> **What you will do**
Make an exact copy of the entries below and leave any picture out of it.

> **Records shown**
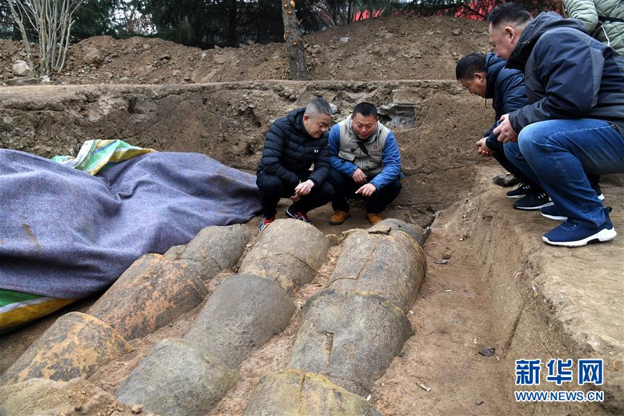 考古隊員(左二)在瑯琊臺遺址考古發(fā)掘現(xiàn)場介紹陶水管的構造和結構(12月21日攝)。新華社記者李紫恒攝
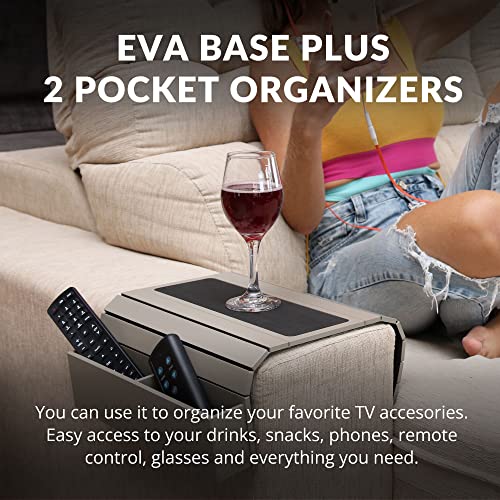 - Lounge with Ease - With our couch arm rest tray, you can relax on your sofa while having everything you need within your reach. This arm table has a water-resistant Eva base and 2 pocket organizers for easy access to your snacks, gadgets, remote control, and more.
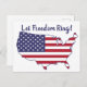 Tarjeta postal con la imagen de los Estados Unidos continentales superpuesta con la bandera estadounidense roja, blanca y azul. El texto dice, "Dejen que la libertad suene."
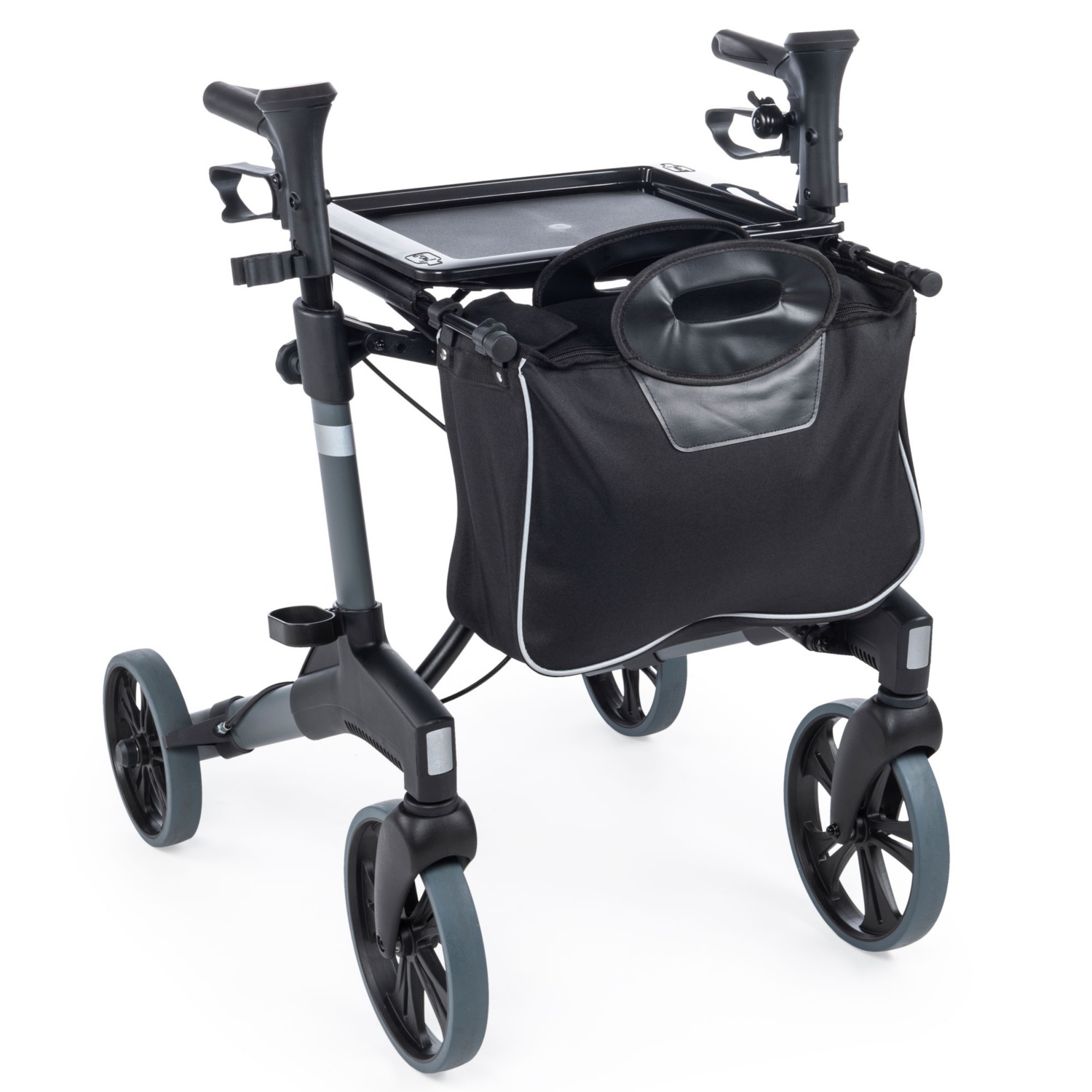 • inkl. abnehmbarem Tablett, Gehstockhalterung, abnehmbarer Tragetasche, Klingel, LED-Licht und Reflektoren
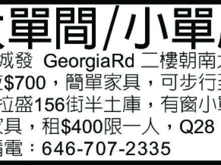 大單間 / 小單房 646-707-2335
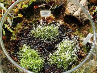 Hej! Efekty przerosły moje oczekiwania, gdyż stolony i listki przebiły się przez warstwę torfowca, pięknie eksponując się na obrzeżach kieliszka. Doczekałem się nawet wielu pędów kwiatowych. Niestety kompozycja nie istnieje już, ponieważ nie wytrzymywała warunków parapetowych, a trzymanie jej w kieliszku i terrarium było po prostu nieestetyczne i zbędne. Myślę, że wykonanie takiego kieliszka w wersji XXL byłoby najlepszym rozwiązaniem na parapet. To dało mi do myślenia, by wykorzystać szklaną kulę którą posiadam, ale to w dalekiej przyszłości do jakiś epifitów. Zdjęcia niestety nie mam - jak zaczęła marnieć to kiepska z niej była modelka. Natomiast mogę się podzielić z Wami zdjęciem szklanej kuli wraz z U. sandersonii, zrobionej przez Carnisanę, na wystawie roślin owadożernych w Ogrodzie Botanicznym UJ Kraków w 2014r: Pozdrawiam ! -

> **Exercise output**
 考古隊員(左二)在瑯琊臺遺址考古發(fā)掘現(xiàn)場介紹陶水管的構造和結構(12月21日攝)。新華社記者李紫恒攝
 - Lounge with Ease - With our couch arm rest tray, you can relax on your sofa while having everything you need within your reach. This arm table has a water-resistant Eva base and 2 pocket organizers for easy access to your snacks, gadgets, remote control, and more.
 Tarjeta postal con la imagen de los Estados Unidos continentales superpuesta con la bandera estadounidense roja, blanca y azul. El texto dice, "Dejen que la libertad suene."
 • inkl. abnehmbarem Tablett, Gehstockhalterung, abnehmbarer Tragetasche, Klingel, LED-Licht und Reflektoren
 大單間 / 小單房 646-707-2335
 Hej! Efekty przerosły moje oczekiwania, gdyż stolony i listki przebiły się przez warstwę torfowca, pięknie eksponując się na obrzeżach kieliszka. Doczekałem się nawet wielu pędów kwiatowych. Niestety kompozycja nie istnieje już, ponieważ nie wytrzymywała warunków parapetowych, a trzymanie jej w kieliszku i terrarium było po prostu nieestetyczne i zbędne. Myślę, że wykonanie takiego kieliszka w wersji XXL byłoby najlepszym rozwiązaniem na parapet. To dało mi do myślenia, by wykorzystać szklaną kulę którą posiadam, ale to w dalekiej przyszłości do jakiś epifitów. Zdjęcia niestety nie mam - jak zaczęła marnieć to kiepska z niej była modelka. Natomiast mogę się podzielić z Wami zdjęciem szklanej kuli wraz z U. sandersonii, zrobionej przez Carnisanę, na wystawie roślin owadożernych w Ogrodzie Botanicznym UJ Kraków w 2014r: Pozdrawiam ! -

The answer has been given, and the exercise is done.